| Required action |
With the pictures omitted, output word for word the lines from the one containing "チビっ子が外に出てしばらくす" through the end of the records.

| Stored data |
———
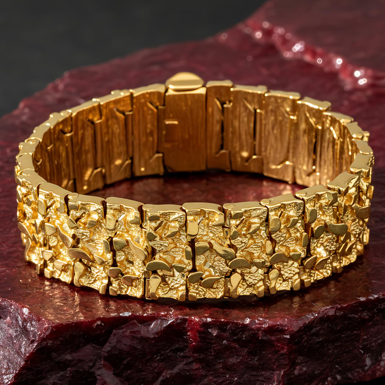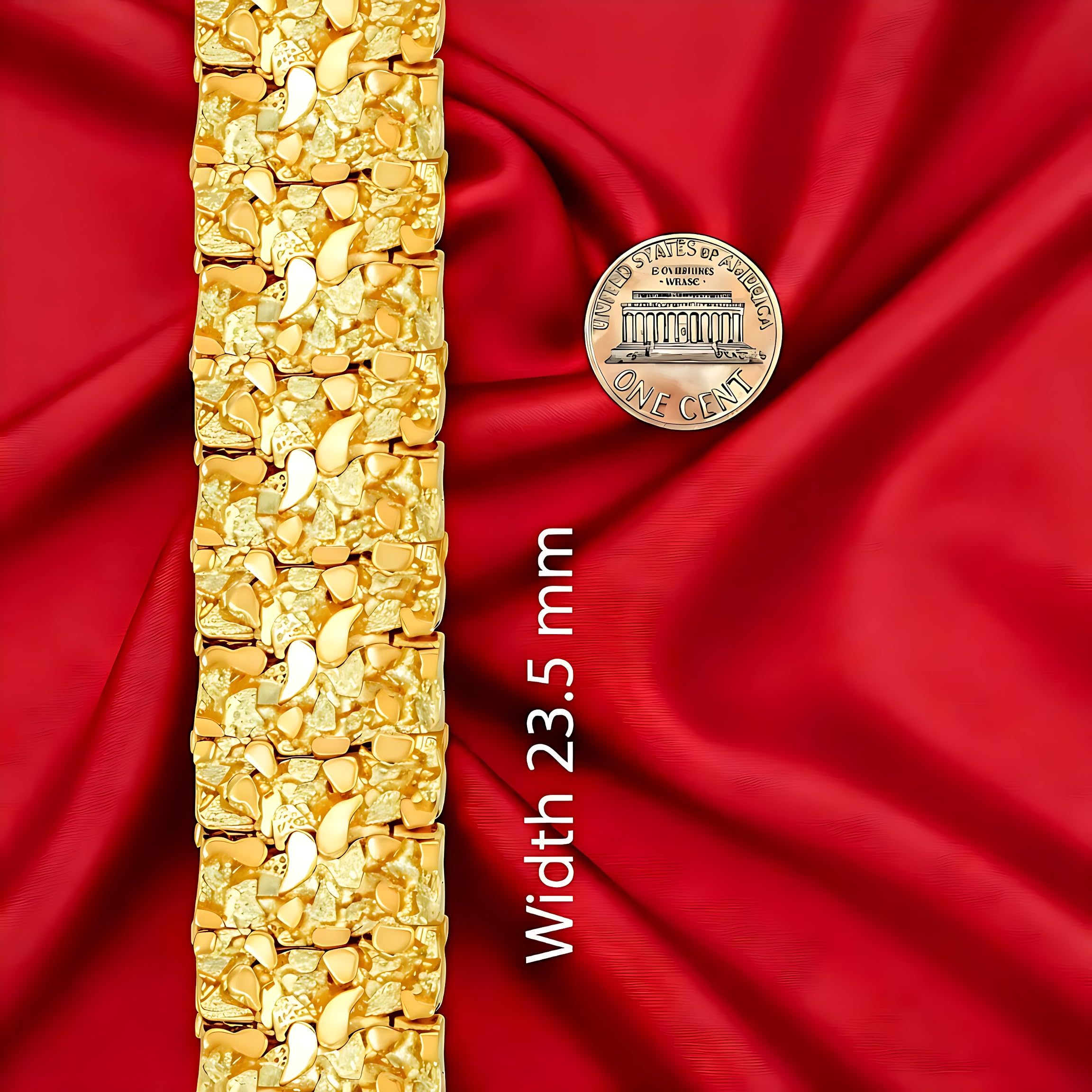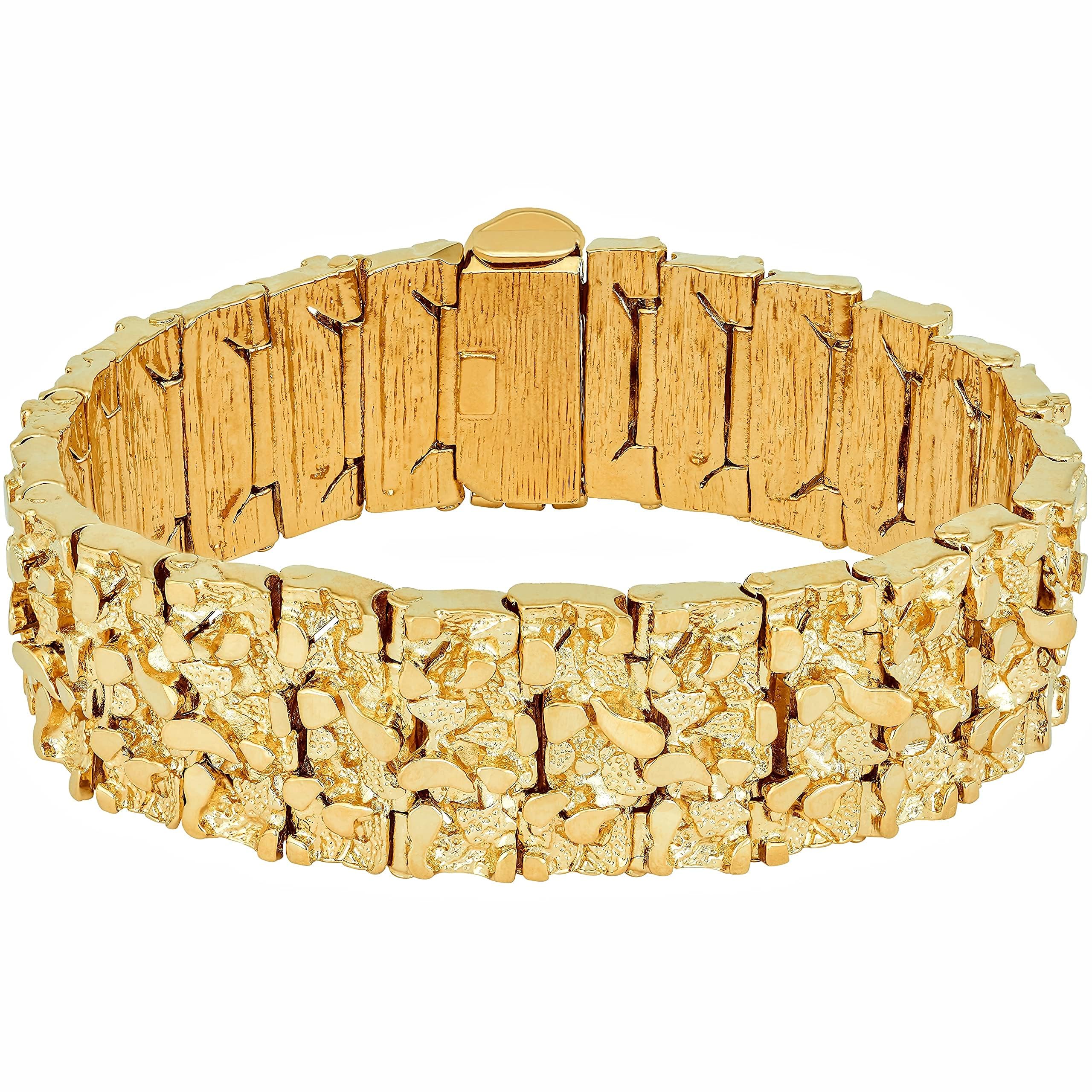 Our Thickest & Boldest Design: Massive 23mm (just under 1 inch) gold nugget bracelet built for maximum presence - our most masculine, heavy, and eye-catching bracelet.
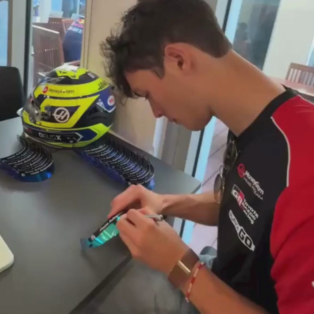 This 1:2 scale Haas F1 helmet features Bearman's 2025 Singapore GP Special design and has been hand signed by Oliver Bearman.
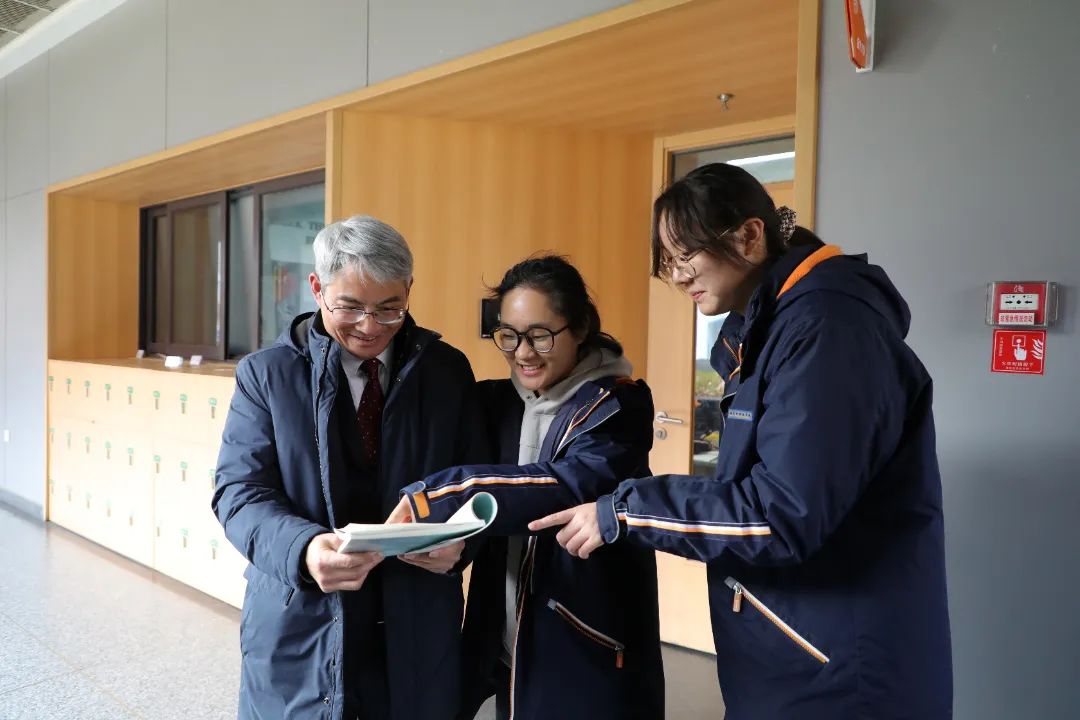 2月25日,初春的南京外国语学校南部新城校区,透着蓬勃生机。红砖墙的教学楼群错落有致,最南端的“存真楼”前,身着深色西装的李鸿彬夹着教案匆匆走过连廊,沿途与捧着书本的学生点头致意。
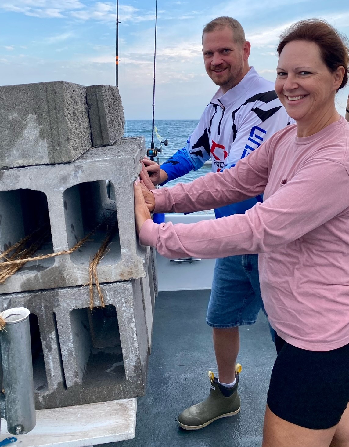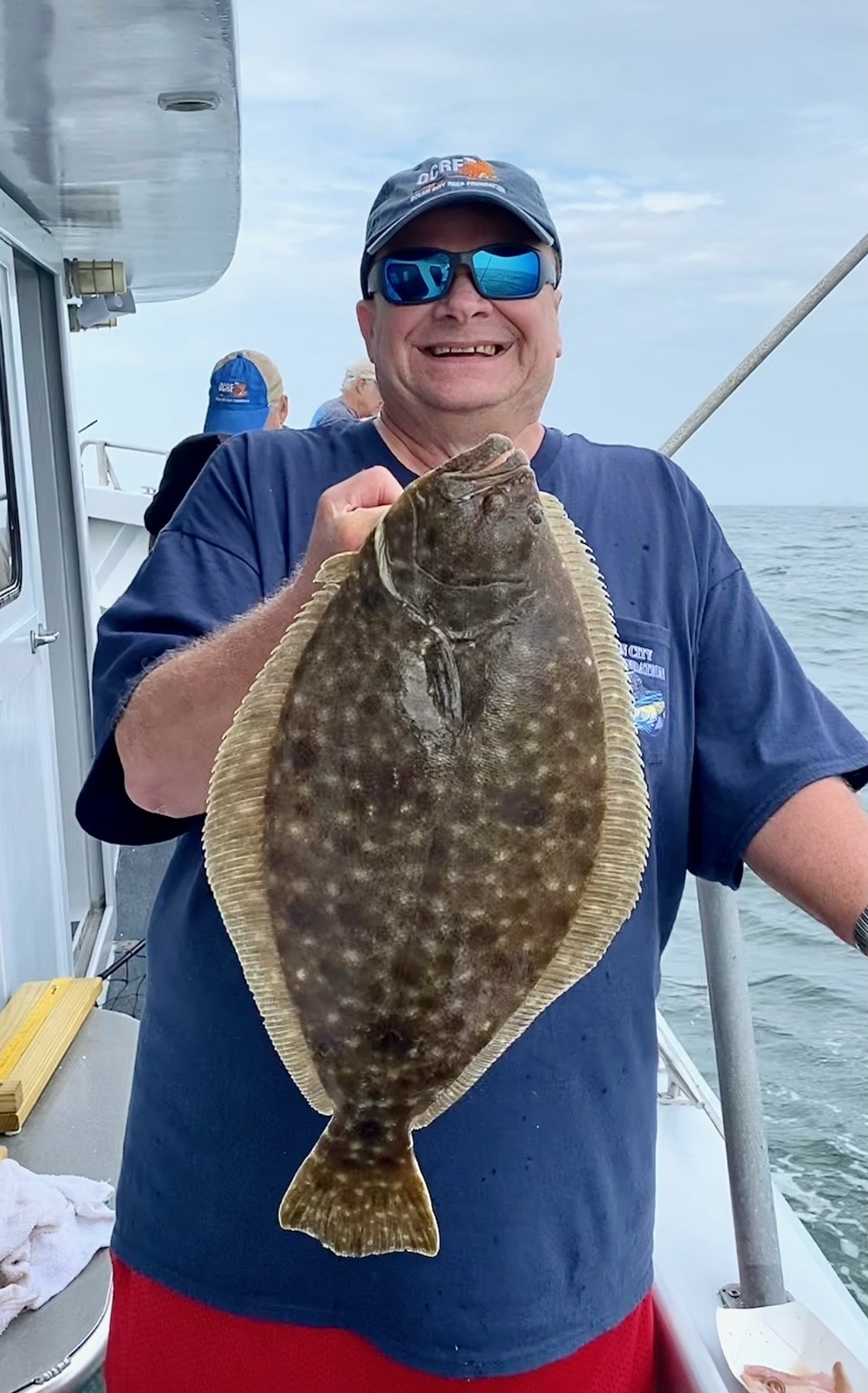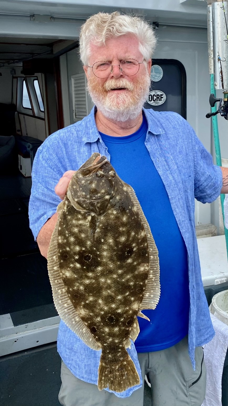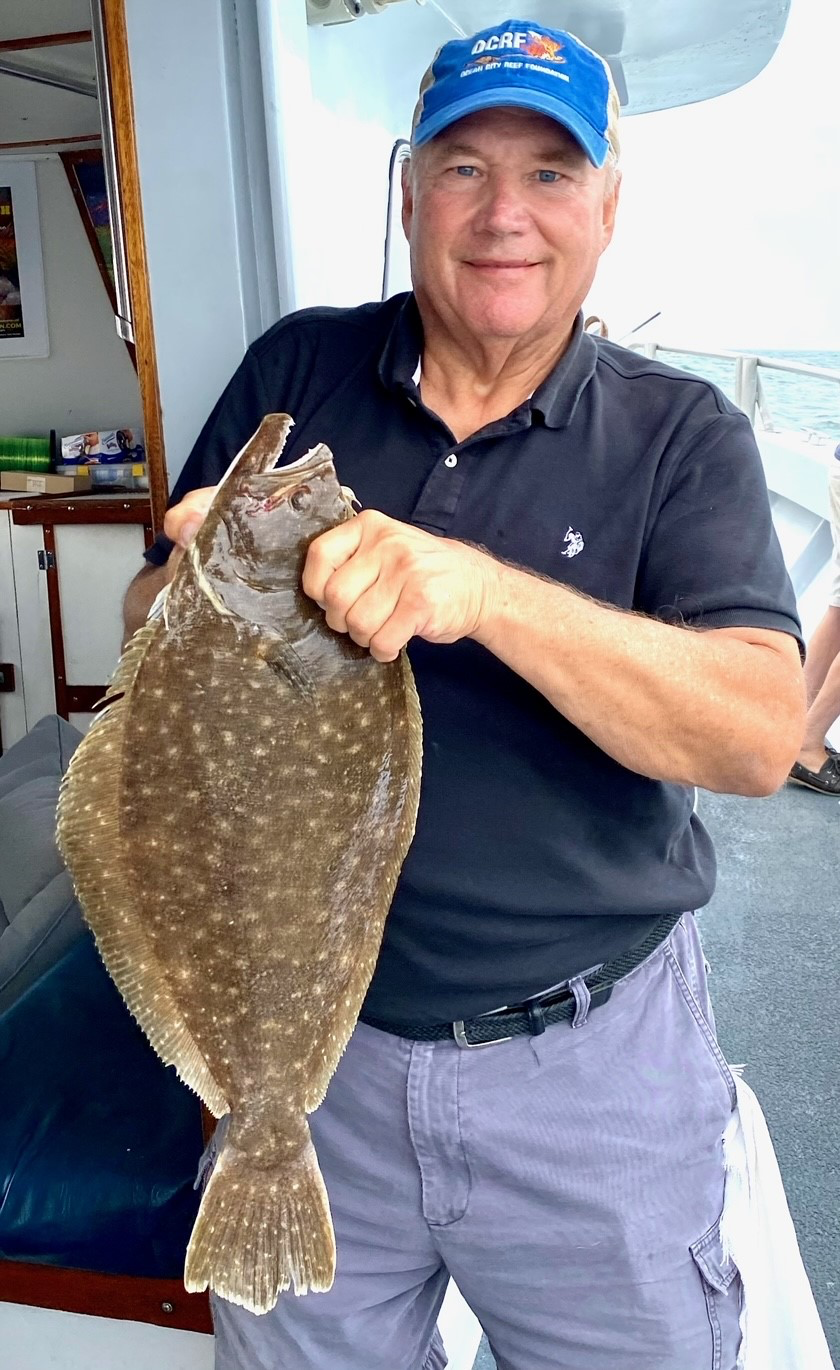 Already a bit more breeze than I’d expected at sunrise; just as glad I didn’t have to sweat it offshore. Fishing on a much shorter inshore flounder trip, I could see the water come alive as wind speed increased–then it would fall out again. Seemed like soon it would stick. Working for our flounder; at first we saw only short after short. Then I reminded Hurricane Murray, “If you’re unlucky at love, you’re lucky at fishing.” Soon he boated one, then a keeper double; and, at 10:15 (just like the other day) he boxed his limit.. That old expression has proven too true! While Hurricane Murray had our only limit, everyone had dinner – some several. Bob won today’s pool with a fine dandy. He’d told me this morning if he won his son in law was good for a 10X match to OCRF. Wow!! Well, I think he said that. Umm.. Maybe. (Ha! but he IS super generous to our effort!) In at 12:30 just before the downpours began. Works. The gals are reloading Reef T-Shirts at the WMO shirt tent at the Inlet. Reef building gets a handsome donation from the sale of alcohol at their venue also. Watch the boats come in and bottoms up! (see ocreefs.org for more info. We’re coming up on a super busy reef deployment season. Plenty in the pipeline! Have a few spots open most every fishing trip. See morningstarfishing.com under the Fish Report tab for reservation details. CheersMonty
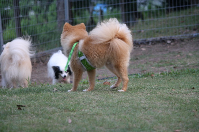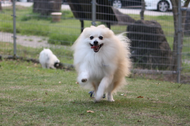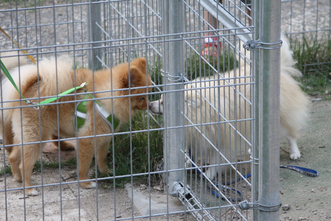 チビっ子が外に出てしばらくすると、サマーカットをした3ポメを連れた方がやってきました。
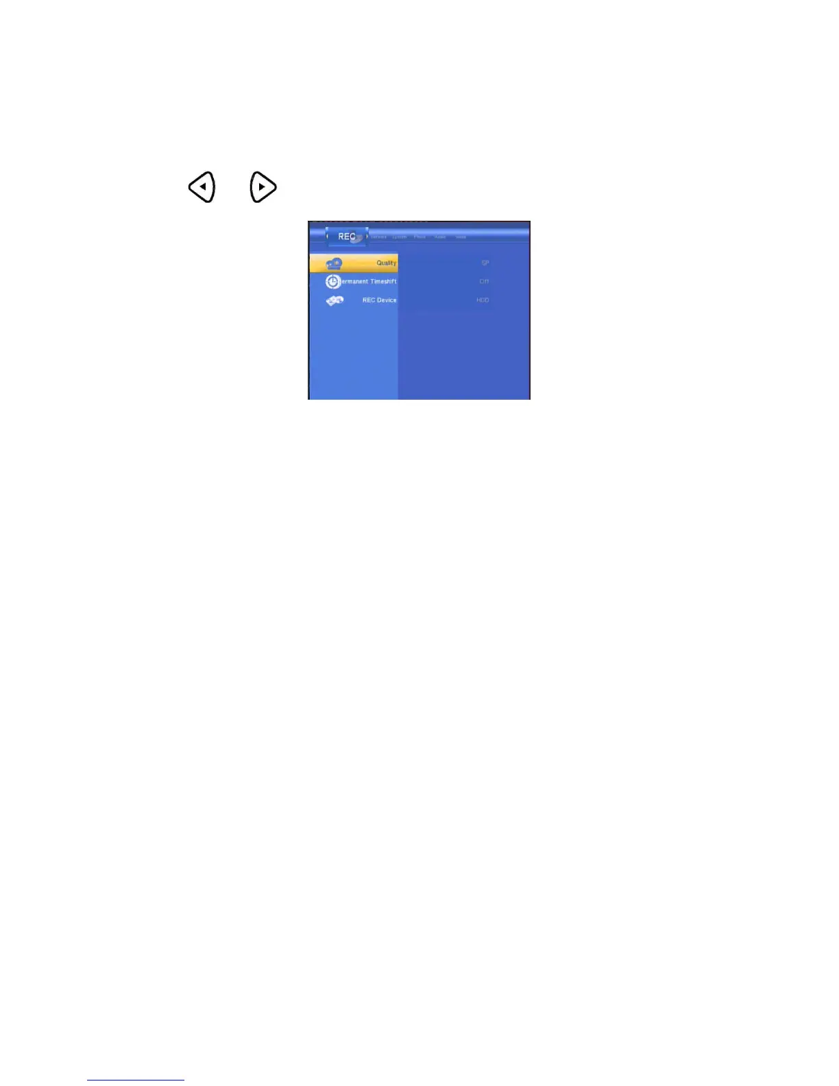 and on the remote control to select the Record tab from the menu bar.
———
| Your response |
 チビっ子が外に出てしばらくすると、サマーカットをした3ポメを連れた方がやってきました。
 and on the remote control to select the Record tab from the menu bar.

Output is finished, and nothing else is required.